Theresa Boedeker says
Good idea to look. I know my iron was never checked. A male radiologist told me, after I found out about my low iron levels, that it is no surprise that a women can develop low iron because of her monthly every month for years and years and having babies. Well that made sense.
Michele Morin says
Good words, and now, I guess, it’s on us to BE the older woman to some younger women in our lives. Thanks for this challenge.
Theresa Boedeker says
Yup, although I heard an older man say he was not old. He was chronologically mature. 🙂
Lisa notes... says
I found out last year that I was also critically low on iron. And thankfully, like you, I was able to take supplements and get it back to a healthy level. We do have to pay attention to our bodies as well as our minds and souls. God gives us a complete package for a reason. Thanks, Theresa!
Theresa Boedeker says
So right you are, Lisa. We are a complete package and need to pay attention to all the parts God gives us.
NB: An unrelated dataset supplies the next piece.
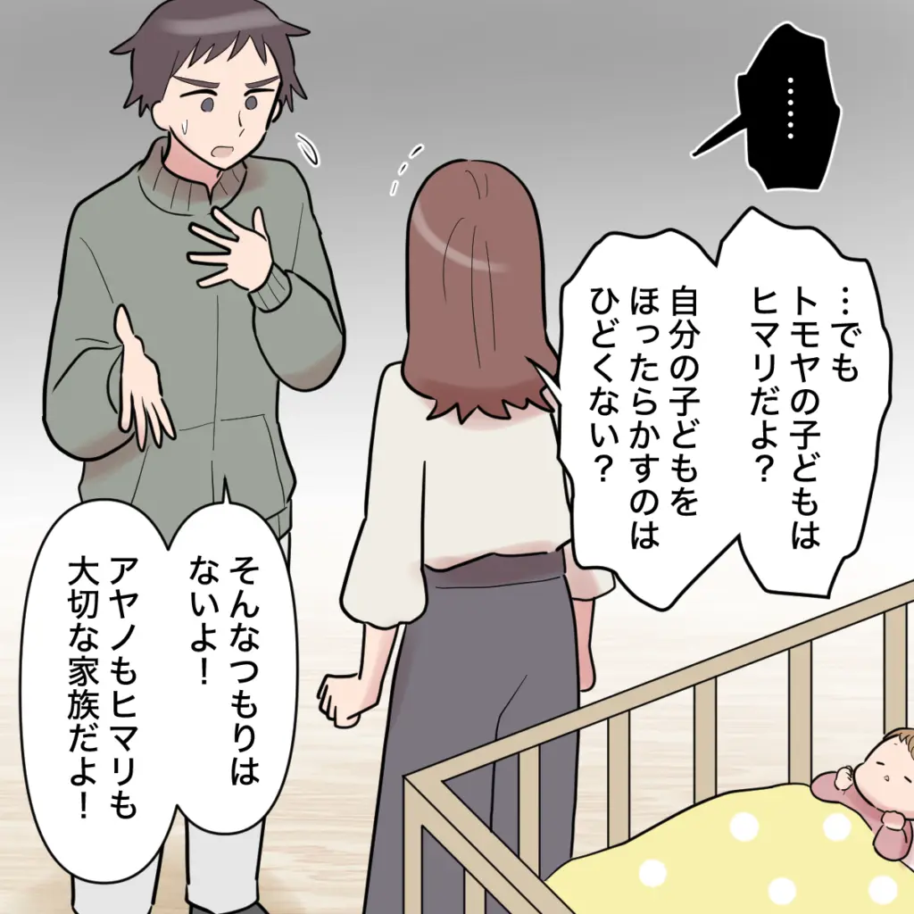そして、「・・でもトモヤの子どもはヒマリだよ?自分の子どもをほったらかすのはひどくない?」私がそう言うと、「そんなつもりはないよ!アヤノもヒマリも大切な家族だよ!」とトモヤが言いましたが、

Glad you figured out you were low on iron too. I am so thankful that the solution to low iron was pretty easy.
adaughtersgiftoflove says
Very good ideas, I would say to my younger self to have faith and not let people discourage you, not to worry so much, just breathe. You have truth in your heart, you deserve to love and be loved, Just me talking to myself. Good idea to write it out and share with younger people.
Theresa Boedeker says
Rebecca, thanks for your comments. Those are all great things to tell our younger self.
Lois Flowers says
I’m glad you were able to figure out what the problem was and get it fixed, Theresa. I am so thankful for the older women in my life who have given me life advice without even realizing it, just by being transparent in our friendships. Your point about menopause is a good one … this is something that is talked about much, I don’t think and learning about it by experience can be a very lonely endeavor. Wonderful post and lovely pics!
Theresa Boedeker says
I am so glad the problem was identified and fixed too. It’s amazing how slowly something can sneak up on us. Another advantage of friendships with other women of all ages, if we are all transparent they can help us and we can help them. And all without even knowing it. I have a friend who has been very transparent about menopause for over the last 12 years. And while I am not there yet, it has been so helpful and get me thinking about it and knowing what to expect and knowing there is help. Listening to her go through it has given me a good perspective. It reminds me of the time I was in labor with my first child and my mom said, “Theresa, no one is in labor for the rest of their life.”
CrystalStorms.me says
Important reminders, Theresa. I’ve struggled with iron and thyroid issues in the past, and it’s hard when we’re not feeling our best. Thank you for the encouragement that we’re worth taking care of.
Theresa Boedeker says
Yes. We are so worth it. My husband likes to remind me that I need to take care of myself because he needs me. When we take care of ourselves we are helping ourself and those around us.